The title of Book 3 is translated as “Death’s End”, but in Chinese it is called 《死神永生》, which more accurately should be translated to something like “The God of Death is Eternal”.
spoiler for Book 3
The third book went much further that spanned the entire timeline until the end of the Universe. Big fish, small fish (big imperialists, small imperialists) - at the end of time they are nothing more than a speck of dust in the universe. Nobody can escape the God of Death.
And if that’s the case, is there a point to prolonging our survival, at the cost of all the traits that define us as Humanity to begin with?
So, make time for civilization, for civilization won’t make time.
Again, you cannot just read wikipedia and say that you know it all. It’s just fiction at the end of the day, but the point is to think about the questions it’s trying to provoke.
Huh, that is a really interesting reading. Maybe the Trisolarans can be used as a more generalised metaphor for imperialists then?
Is it accurate to say that the books can be read as an interrogation of recent Chinese history (from a modern, maybe somewhat liberal perspective), and it’s trajectory? I haven’t read books 2 & 3 to comment on them further.
The Trisolarians are Japanese in the sense that they are most relatable to a Chinese audience given its historical context, but the first book was written in the early 2000s, in the wake of the worst US-China relations that followed the 1999 Chinese embassy bombing in Yugoslavia and the 2001 Hainan Island incident, which nearly sparked a war between both countries (people old enough will remember how close we were at war back then, not to mention that China was far weaker than it is today) only to be averted by 9/11 attack later that year, as the US shifted its attention away from China to the Middle East for the next decade, followed by the 2009 financial crisis and spared China from immediate threat for almost 20 years.
So, yes, Trisolarians can be seen as a metaphor that combines former (Japan) and current oppressors (America), although many references about the Trisolarians in the books hinted strongly at Imperial Japan. It’s fiction at the end of the day and I don’t know why people are trying so hard to see a 1:1 reference to the real world, rather than extracting the meanings and exploring the questions the story itself provokes in relation to the real world.
Books 2 and 3 went further into the Earth-Trisolaris conflict but the point I want to make is that even though the author has his own predilection (and it shows in the novel, and ones that I don’t necessarily agree with), the reason why the books are so great is that it prompts questions that provokes further, deeper thoughts, rather than just the author unloading on you his own beliefs and ideology.
I won’t spoil Book 3 here, but there is a huge plotline in that book that goes into decoding and extracting meanings from what appears to be just a typical story.

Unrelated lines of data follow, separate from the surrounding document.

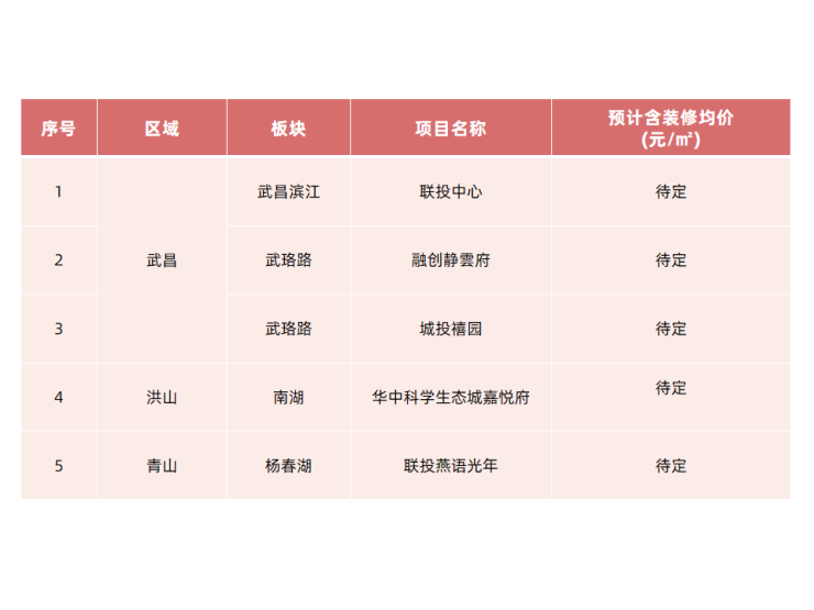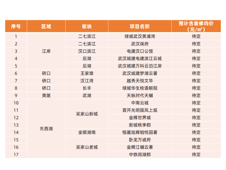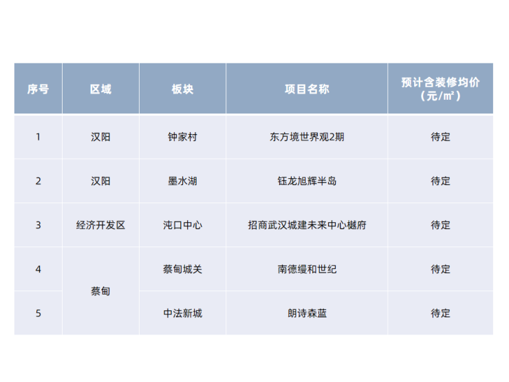 大汉口 3月预计17个项目有供应,总共2760套。其中东西湖区预计8个项目平推补货,供应量约1576套,市场竞争日趋激烈。二七滨江板块的武汉瑞府预计加推B地块8#超高层186-233㎡房源。汉江湾板块的越秀天悦文华纯新盘入市,预计3月初开放样板间,首开2#超高层108–143㎡三至五房。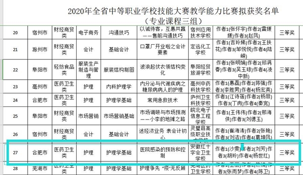 ? ? ? ?9月3日,2020年全省中等職業(yè)學校技能大賽教學能力比賽結果已經(jīng)公示。經(jīng)過校賽的角逐,市賽的競爭,成功晉級省賽,最終由紅會衛(wèi)校沙雯、劉芳、胡玲、楊世紅四位老師組成的參賽團隊成功榮獲該賽事專業(yè)課程組省賽三等獎。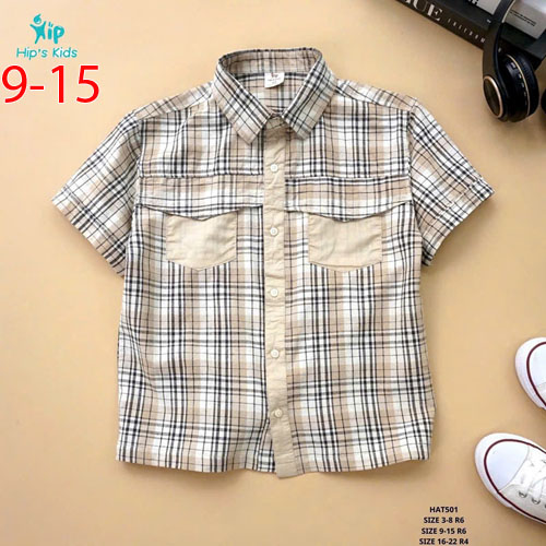 A411961 - Áo sơ mi ngắn tay 2 nắp túi phom oversize chất liệu xô thô_Size 9-15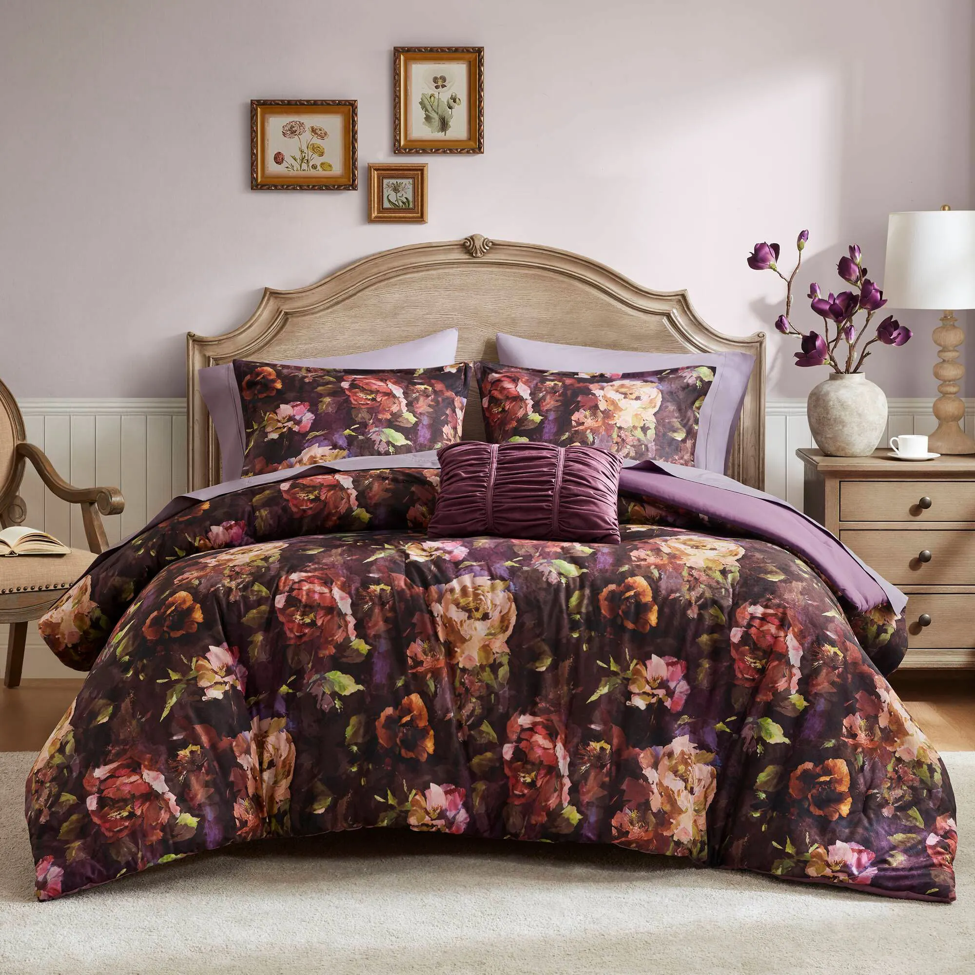 Seraphina Floral Purple Velvet 4 pc Comforter Bed Set by Madison Park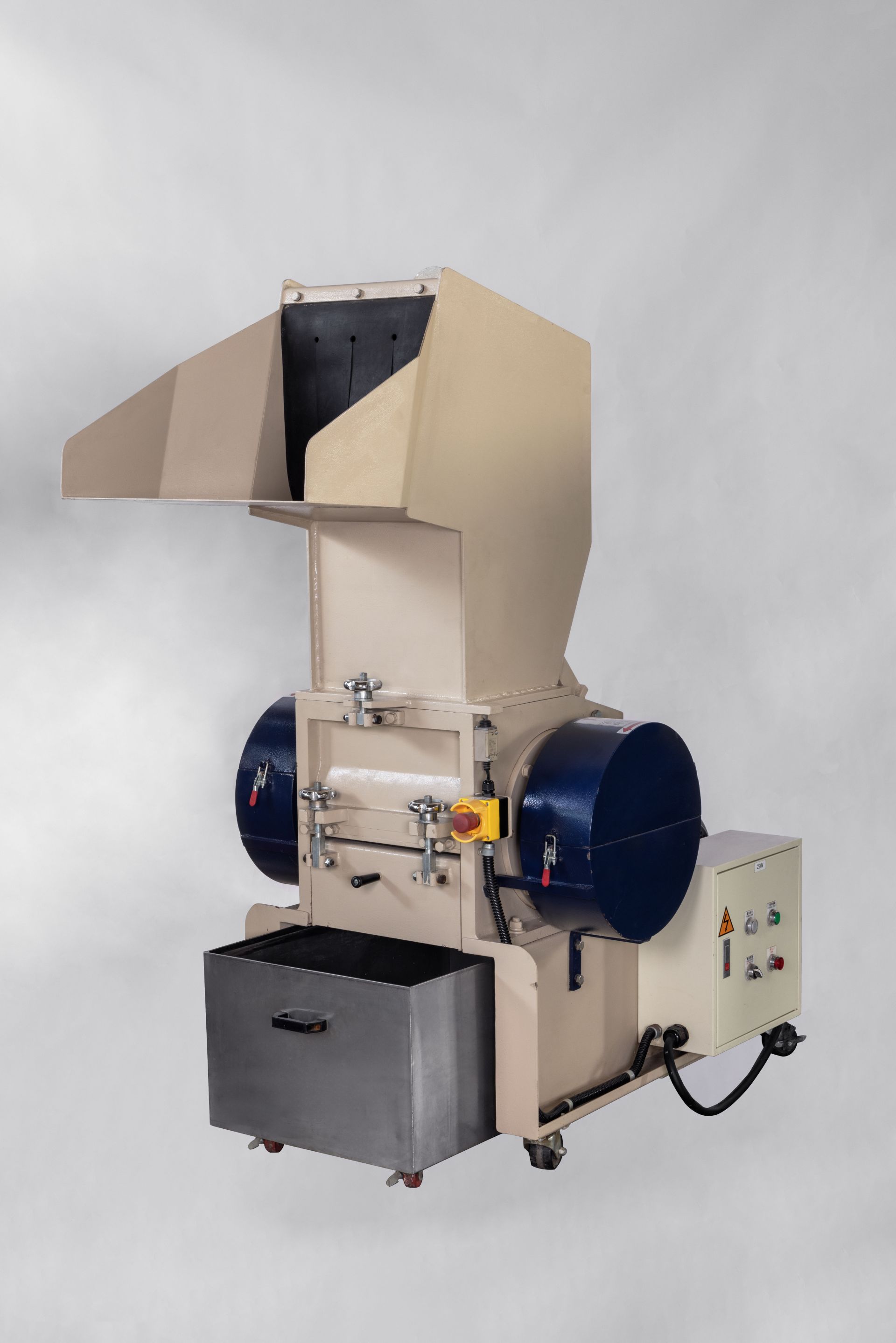 因原料大小過於多種可根據原料大小克制化出料口大小與馬力(反觀機台大小會與之改變)。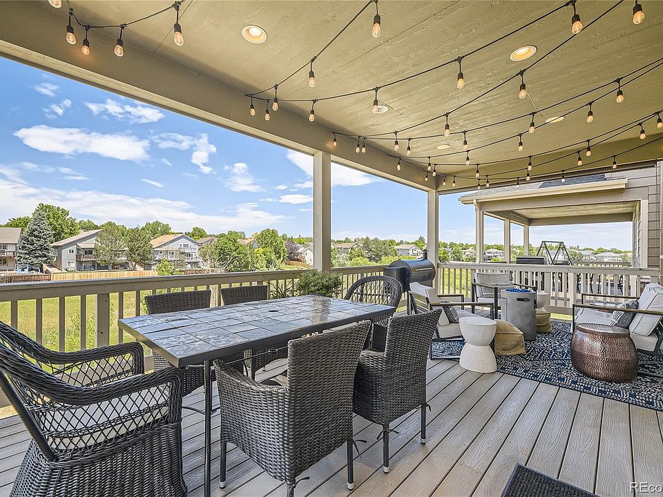 Greenbelt and Foothills views in the heart of Littleton!! This extremely well maintained and updated 2018 built home in Southwest Littleton is a tough find and it simply can't be beat. As you approach the house you'll notice the south facing driveway that leads to your three car tandem garage. Entering the house, the gorgeous engineered hardwood floors that extend throughout, really add a luxurious feel. You'll also notice how open the living space is. Look up as you wonder the home and you'll find over $10K worth of updated lighting fixtures throughout the home. The fully updated, bright and modern kitchen has stainless steel appliances (high end Samsung refrigerator conveys), quartz countertops, an undermount stainless steel sink and 42 inch cabinets that have been so well maintained its like they are brand new. A dining area next to the kitchen offers plenty of room for entertaining family and friends or you can walk outside and enjoy the views from one of your two trex decks. You'll be hard pressed to find better Foothills and Greenbelt views anywhere in the Denver metro. The open floor plan creates an open yet cozy space to enjoy the warmth from your gas burning fireplace in the family room. The primary suite includes a beautifully updated 5 piece bathroom and large walk in closet. Upstairs, there are also 3 other bedrooms and a fully updated modern bath. The upstairs laundry room (washer & dryer convey) includes a handy stainless steel utility sink. Head down to your walkout basement and you'll notice a tankless water heater, sauna and pre-plumbing so you can add a bath/bedroom and really make the space your own. Head out the door and you'll once again be treated to those awesome Greenbelt/Foothill views from your second deck. This home is truly move in ready and includes a newer (2022) class 3 hail resistant roof. All this and close to all that Littleton has to offer with tons of shopping, restaurants and easy access to the mountains, major roads & highways.

The author literally hinted that there are deeper layers of meaning to be decoded in all 3 of his books.
I guess there are people who read the novels and just want to be handed the messages at face value, and people who read the novels but also try to contemplate and explore the deeper meanings especially in contemporary context.
Yeah, I had vague recollections about this, along with Deng’s foreign policy which is what I based my reading of the book on.
Yeah, in this thread I was trying to simplify and make the analogies as obvious as possible but what you said is true, we should be focusing on the questions the books provoke.
Sounds about right tbh
Its really amazing how Liu can accomplish conveying such thought provoking, heavy themes, while at the same time making his novels addictive to read.